(Beginning of DATA FOR ANALYSIS)
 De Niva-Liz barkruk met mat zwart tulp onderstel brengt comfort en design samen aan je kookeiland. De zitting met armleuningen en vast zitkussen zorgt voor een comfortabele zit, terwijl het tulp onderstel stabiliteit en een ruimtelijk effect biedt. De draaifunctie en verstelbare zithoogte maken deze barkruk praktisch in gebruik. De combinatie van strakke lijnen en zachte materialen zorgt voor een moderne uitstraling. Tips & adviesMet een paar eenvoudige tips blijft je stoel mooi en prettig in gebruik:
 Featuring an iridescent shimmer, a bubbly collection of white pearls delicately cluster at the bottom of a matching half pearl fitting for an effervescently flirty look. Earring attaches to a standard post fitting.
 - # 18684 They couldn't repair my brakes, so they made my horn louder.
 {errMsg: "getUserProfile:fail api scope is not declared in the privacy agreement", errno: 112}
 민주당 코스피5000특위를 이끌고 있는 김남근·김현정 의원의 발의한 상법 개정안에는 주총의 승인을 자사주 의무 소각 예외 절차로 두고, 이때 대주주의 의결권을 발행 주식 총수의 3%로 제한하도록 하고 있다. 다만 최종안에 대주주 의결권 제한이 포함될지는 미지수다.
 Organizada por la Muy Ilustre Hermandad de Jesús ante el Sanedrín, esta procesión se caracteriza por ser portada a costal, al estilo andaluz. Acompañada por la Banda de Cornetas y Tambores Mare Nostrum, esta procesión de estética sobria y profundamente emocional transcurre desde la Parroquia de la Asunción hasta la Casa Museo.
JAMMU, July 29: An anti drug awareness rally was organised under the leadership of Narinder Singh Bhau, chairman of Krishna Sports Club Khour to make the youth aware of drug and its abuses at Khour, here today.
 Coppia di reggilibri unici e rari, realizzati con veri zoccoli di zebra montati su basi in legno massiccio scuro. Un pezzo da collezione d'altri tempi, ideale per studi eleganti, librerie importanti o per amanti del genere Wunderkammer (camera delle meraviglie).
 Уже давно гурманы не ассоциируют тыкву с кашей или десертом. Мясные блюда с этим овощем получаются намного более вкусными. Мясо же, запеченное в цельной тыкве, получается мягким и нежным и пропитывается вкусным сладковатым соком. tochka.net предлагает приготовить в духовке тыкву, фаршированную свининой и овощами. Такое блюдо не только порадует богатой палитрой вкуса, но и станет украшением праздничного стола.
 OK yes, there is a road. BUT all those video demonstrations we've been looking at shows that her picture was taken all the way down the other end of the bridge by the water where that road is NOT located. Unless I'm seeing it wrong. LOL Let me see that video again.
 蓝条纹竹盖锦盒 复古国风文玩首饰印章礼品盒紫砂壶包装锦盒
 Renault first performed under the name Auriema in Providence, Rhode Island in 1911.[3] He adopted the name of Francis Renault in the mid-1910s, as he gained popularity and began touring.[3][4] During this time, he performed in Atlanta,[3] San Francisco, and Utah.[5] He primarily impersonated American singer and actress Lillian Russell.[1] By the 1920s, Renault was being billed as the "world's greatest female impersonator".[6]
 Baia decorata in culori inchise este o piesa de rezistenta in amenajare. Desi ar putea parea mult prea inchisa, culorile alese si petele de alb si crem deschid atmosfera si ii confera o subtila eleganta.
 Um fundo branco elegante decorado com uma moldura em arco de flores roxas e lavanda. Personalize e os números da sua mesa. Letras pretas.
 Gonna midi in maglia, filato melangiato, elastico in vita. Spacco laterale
(End of DATA FOR ANALYSIS)
TASK ITEM
Every line above should be printed again exactly as it stands.

COMPLETED EXERCISE
 De Niva-Liz barkruk met mat zwart tulp onderstel brengt comfort en design samen aan je kookeiland. De zitting met armleuningen en vast zitkussen zorgt voor een comfortabele zit, terwijl het tulp onderstel stabiliteit en een ruimtelijk effect biedt. De draaifunctie en verstelbare zithoogte maken deze barkruk praktisch in gebruik. De combinatie van strakke lijnen en zachte materialen zorgt voor een moderne uitstraling. Tips & adviesMet een paar eenvoudige tips blijft je stoel mooi en prettig in gebruik:
 Featuring an iridescent shimmer, a bubbly collection of white pearls delicately cluster at the bottom of a matching half pearl fitting for an effervescently flirty look. Earring attaches to a standard post fitting.
 - # 18684 They couldn't repair my brakes, so they made my horn louder.
 {errMsg: "getUserProfile:fail api scope is not declared in the privacy agreement", errno: 112}
 민주당 코스피5000특위를 이끌고 있는 김남근·김현정 의원의 발의한 상법 개정안에는 주총의 승인을 자사주 의무 소각 예외 절차로 두고, 이때 대주주의 의결권을 발행 주식 총수의 3%로 제한하도록 하고 있다. 다만 최종안에 대주주 의결권 제한이 포함될지는 미지수다.
 Organizada por la Muy Ilustre Hermandad de Jesús ante el Sanedrín, esta procesión se caracteriza por ser portada a costal, al estilo andaluz. Acompañada por la Banda de Cornetas y Tambores Mare Nostrum, esta procesión de estética sobria y profundamente emocional transcurre desde la Parroquia de la Asunción hasta la Casa Museo.
JAMMU, July 29: An anti drug awareness rally was organised under the leadership of Narinder Singh Bhau, chairman of Krishna Sports Club Khour to make the youth aware of drug and its abuses at Khour, here today.
 Coppia di reggilibri unici e rari, realizzati con veri zoccoli di zebra montati su basi in legno massiccio scuro. Un pezzo da collezione d'altri tempi, ideale per studi eleganti, librerie importanti o per amanti del genere Wunderkammer (camera delle meraviglie).
 Уже давно гурманы не ассоциируют тыкву с кашей или десертом. Мясные блюда с этим овощем получаются намного более вкусными. Мясо же, запеченное в цельной тыкве, получается мягким и нежным и пропитывается вкусным сладковатым соком. tochka.net предлагает приготовить в духовке тыкву, фаршированную свининой и овощами. Такое блюдо не только порадует богатой палитрой вкуса, но и станет украшением праздничного стола.
 OK yes, there is a road. BUT all those video demonstrations we've been looking at shows that her picture was taken all the way down the other end of the bridge by the water where that road is NOT located. Unless I'm seeing it wrong. LOL Let me see that video again.
 蓝条纹竹盖锦盒 复古国风文玩首饰印章礼品盒紫砂壶包装锦盒
 Renault first performed under the name Auriema in Providence, Rhode Island in 1911.[3] He adopted the name of Francis Renault in the mid-1910s, as he gained popularity and began touring.[3][4] During this time, he performed in Atlanta,[3] San Francisco, and Utah.[5] He primarily impersonated American singer and actress Lillian Russell.[1] By the 1920s, Renault was being billed as the "world's greatest female impersonator".[6]
 Baia decorata in culori inchise este o piesa de rezistenta in amenajare. Desi ar putea parea mult prea inchisa, culorile alese si petele de alb si crem deschid atmosfera si ii confera o subtila eleganta.
 Um fundo branco elegante decorado com uma moldura em arco de flores roxas e lavanda. Personalize e os números da sua mesa. Letras pretas.
 Gonna midi in maglia, filato melangiato, elastico in vita. Spacco laterale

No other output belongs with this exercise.